On the basis of our findings, health coaching intervention in smoking cessation seemed to have significantly higher quit rates when combined with a pharmacotherapy plan. Given that smoking cessation is a complex behavior involving lifestyle changes, addiction symptoms, and side-effects, we do not consider health coaching to be ineffective per se, but rather an effective element of a smoking cessation program that can bolster an original medication program. Hence, the study proposes some suggestions for future studies and our medical system. Firstly, more full-time professional behavior coaching services need to be introduced in Taiwan. The current medical system greatly limits the time and effectiveness of communication between doctors and patients, and there is also a lack of adequate smoking cessation behavior counselors with rigorous training and regular fidelity supervision. Secondly, more studies on health coaching with high-quality evidence are needed. Although this study seemed to have acceptable results, the number of samples did not meet the recruiting expectations, and the research was interrupted by the restrictions which could have affected the effectiveness of the evidence in this study.
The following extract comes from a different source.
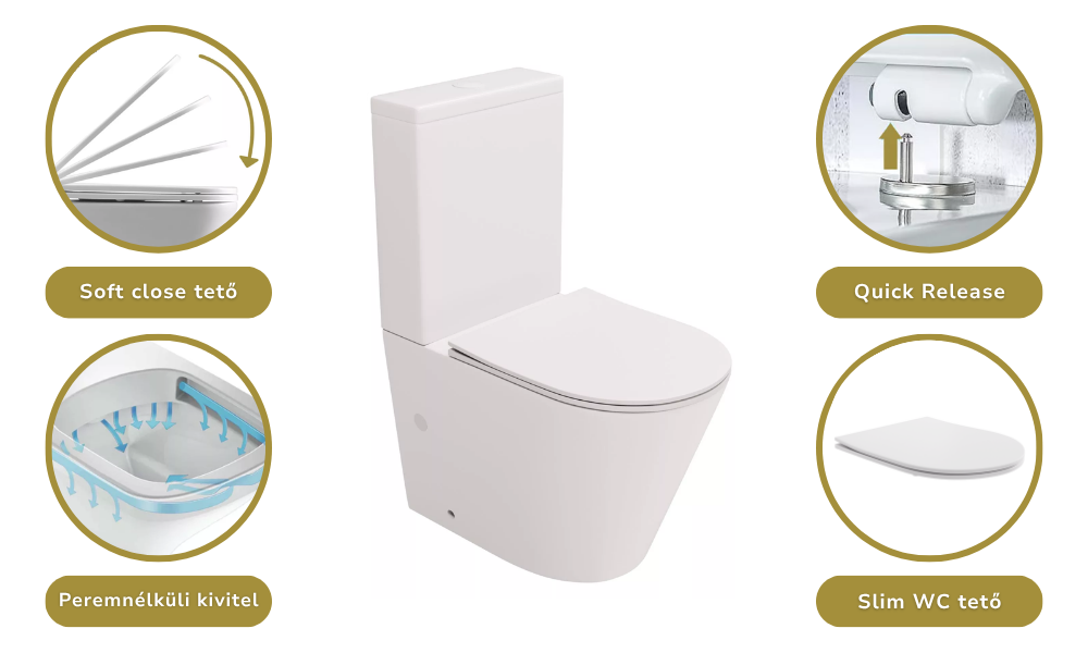 Nincsenek rejtett felületek, így a WC tisztántartása egyszerű és hosszútávon kényelmes.

Although this study was not completed as scheduled, it still had some strengths. Firstly, the original randomized controlled design allowed this study to retain a certain degree of evidence, even if it was affected by some problems as described above, and smoking cessation studies specifically for diabetic patients are also quite rare. Secondly, the use of rigorously trained and certified coaches to perform the smoking cessation counseling was also one of the strengths in this research, as it may have greatly improved the quality of coaching. The training and practice fidelity of the coaches remain important factors influencing research in such behavioral interventions [
41,
42]. The small sample size was the main limitation of this study. The main reason might be that this study targeted patients with type 2 diabetes, whereby only about 10% of T2DM patients smoked, which limited the sample characteristics of this study. Secondly, another important limitation is that biochemical tests such as carbon monoxide measurements or urine cotinine tests were not used; instead, only FTND scores were used considering COVID-19 prevention during the pandemic, which might have overestimated the effect of smoking cessation. The reason for this design is mainly because that the current referral standard for smoking cessation plans in Taiwan is based on FTND scores; however, given that some studies have found that tests such as CO testing may increase the motivation of patients to quit smoking, this may be one of the standardized procedures that the Taiwan HPA can incorporate into routine smoking cessation plans in the future [
22]. It is suggested that similar studies with larger sample sizes, longer follow-up times, and more objective indicators of smoking cessation should be carried out to confirm the validity of the study’s findings in the post-COVID-19 era.